Lorri's knowledge management efforts focus on bringing multidisciplinary teams together to explore and enable effective knowledge transfer. Her commitment to understanding how systems thinking affects knowledge and information management culminated in several outputs to generate innovation and improvement in the melding of these disciplines. Ms. Zipperer was a 2004-2005 Patient Safety Leadership Fellow where she explored how information and knowledge transfer behaviors affect a learning culture. She has participated in research to explore the process of knowledge sharing both at the bedside and with clinical teams. In 2007 and 2009, she was funded by regional offices of the National Network of Libraries of medicine to work with her colleagues in acute care environments to facilitate avenues for implementation of knowledge sharing initiatives. In 2008, Ms Zipperer worked with the WHO Patient Safety to envision an effective knowledge sharing role for that organization. She has designed and co-facilitates a interprofessional workshop on knowledge sharing in hospitals http://cech.mlanet.org/node/390 In addition, Ms Zipperer has recently contributed chapters on knowledge sharing work for medical librarians and systems thinking as a strategic development approach to a core library management publications both scheduled for publication in 2011.

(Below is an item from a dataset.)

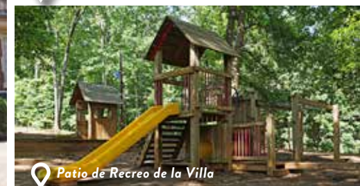
Patio de Recreo de la Villa

She is a published author in alternative roles for librarians, patient safety, medical reference, information management and visioning. She currently consults on information and knowledge management, publication and content creation, patient safety awareness and terminology development issues.
Lorri earned her MA in library and information studies from Northern Illinois University. She has received honors from the library and information science community for her publishing work. In addition to her consultant commitments, she has served as an adjunct professor for library management at the university level. Lorri is also active professionally by filling both elected and invited positions within the Special Libraries Association.